Action item:
Restate the data below word for word. Leave the images out.

Information supplied:

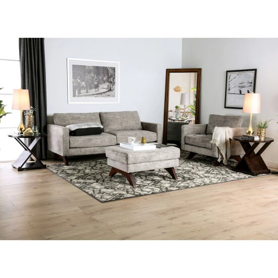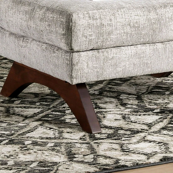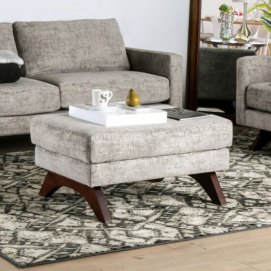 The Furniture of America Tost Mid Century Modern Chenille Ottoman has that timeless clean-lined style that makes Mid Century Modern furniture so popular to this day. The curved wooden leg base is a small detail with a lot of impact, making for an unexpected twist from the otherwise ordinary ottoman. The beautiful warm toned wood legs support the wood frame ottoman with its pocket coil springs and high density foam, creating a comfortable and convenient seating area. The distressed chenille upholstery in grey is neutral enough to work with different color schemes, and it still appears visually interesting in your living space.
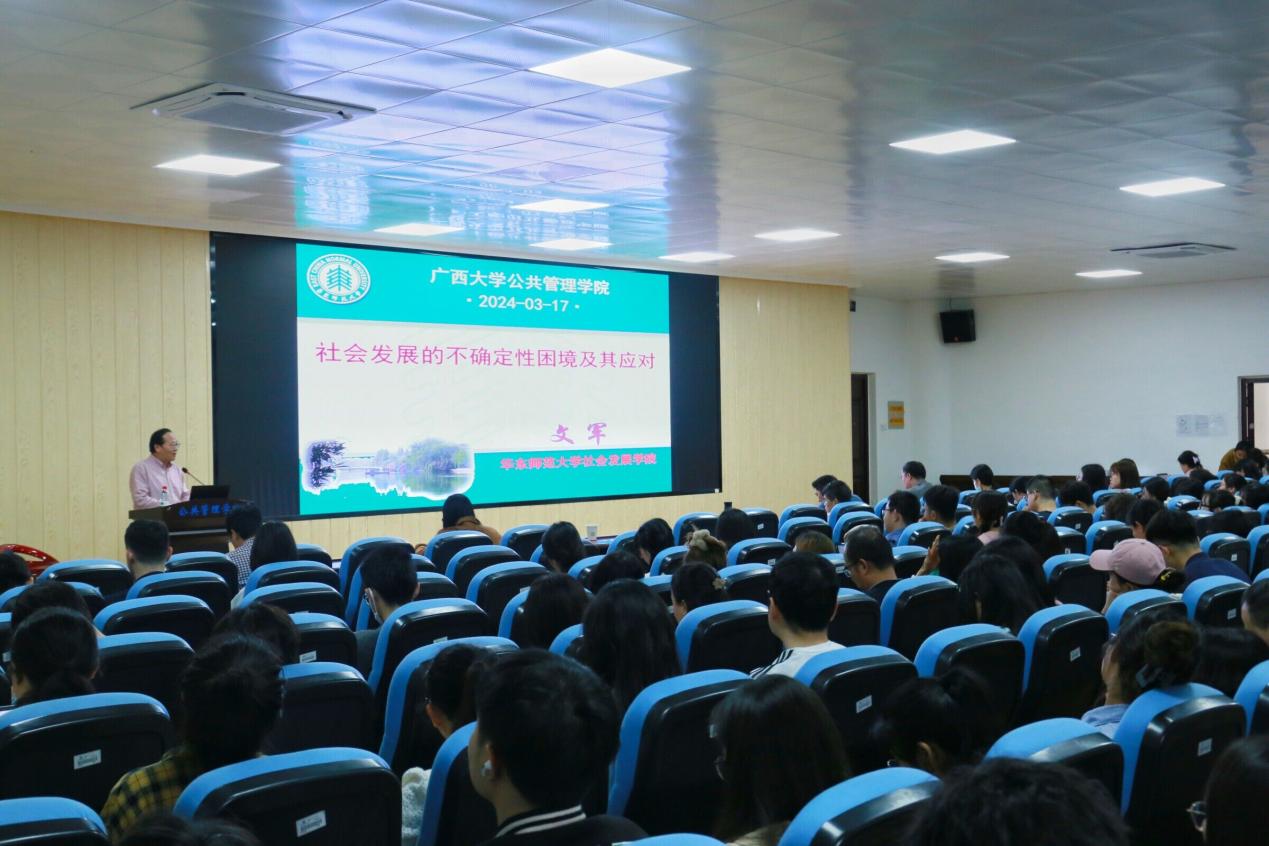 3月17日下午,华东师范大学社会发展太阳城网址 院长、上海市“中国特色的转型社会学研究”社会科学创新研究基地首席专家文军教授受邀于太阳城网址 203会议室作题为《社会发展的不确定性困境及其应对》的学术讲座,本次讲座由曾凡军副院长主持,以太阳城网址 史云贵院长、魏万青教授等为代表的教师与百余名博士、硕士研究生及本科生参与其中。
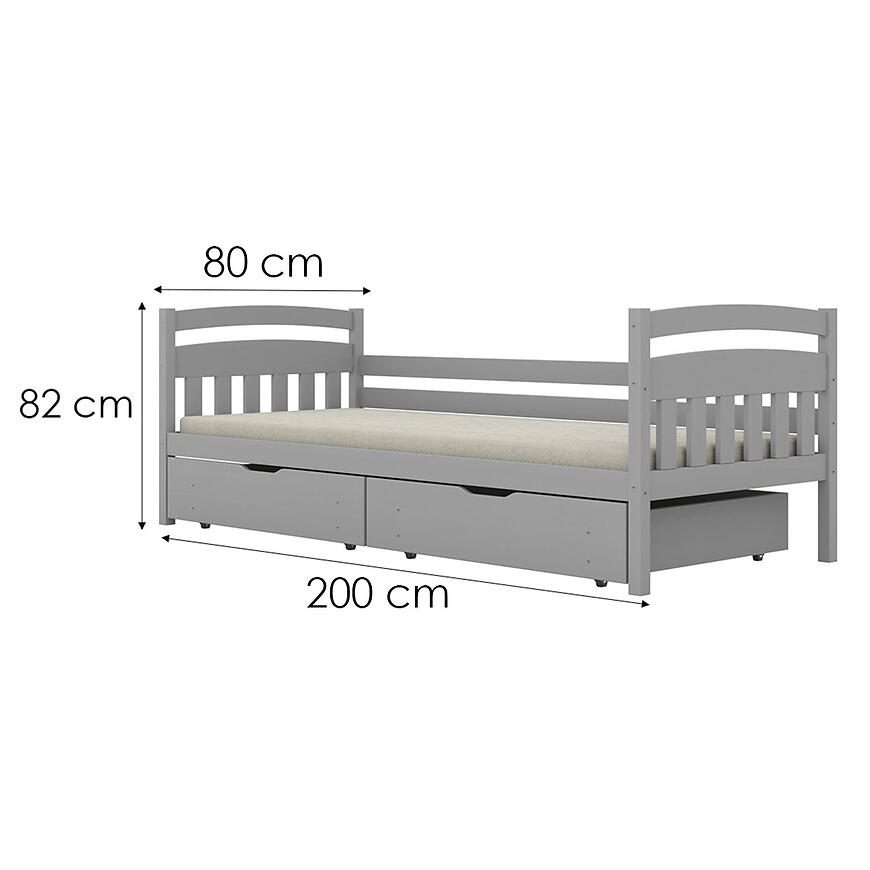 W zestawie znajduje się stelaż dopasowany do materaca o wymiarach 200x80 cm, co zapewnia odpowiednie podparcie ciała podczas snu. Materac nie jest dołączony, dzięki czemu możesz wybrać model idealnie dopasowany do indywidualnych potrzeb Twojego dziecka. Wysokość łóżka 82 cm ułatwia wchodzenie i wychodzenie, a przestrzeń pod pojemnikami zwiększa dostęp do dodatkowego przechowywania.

Result below:
 The Furniture of America Tost Mid Century Modern Chenille Ottoman has that timeless clean-lined style that makes Mid Century Modern furniture so popular to this day. The curved wooden leg base is a small detail with a lot of impact, making for an unexpected twist from the otherwise ordinary ottoman. The beautiful warm toned wood legs support the wood frame ottoman with its pocket coil springs and high density foam, creating a comfortable and convenient seating area. The distressed chenille upholstery in grey is neutral enough to work with different color schemes, and it still appears visually interesting in your living space.
 3月17日下午,华东师范大学社会发展太阳城网址 院长、上海市“中国特色的转型社会学研究”社会科学创新研究基地首席专家文军教授受邀于太阳城网址 203会议室作题为《社会发展的不确定性困境及其应对》的学术讲座,本次讲座由曾凡军副院长主持,以太阳城网址 史云贵院长、魏万青教授等为代表的教师与百余名博士、硕士研究生及本科生参与其中。
 W zestawie znajduje się stelaż dopasowany do materaca o wymiarach 200x80 cm, co zapewnia odpowiednie podparcie ciała podczas snu. Materac nie jest dołączony, dzięki czemu możesz wybrać model idealnie dopasowany do indywidualnych potrzeb Twojego dziecka. Wysokość łóżka 82 cm ułatwia wchodzenie i wychodzenie, a przestrzeń pod pojemnikami zwiększa dostęp do dodatkowego przechowywania.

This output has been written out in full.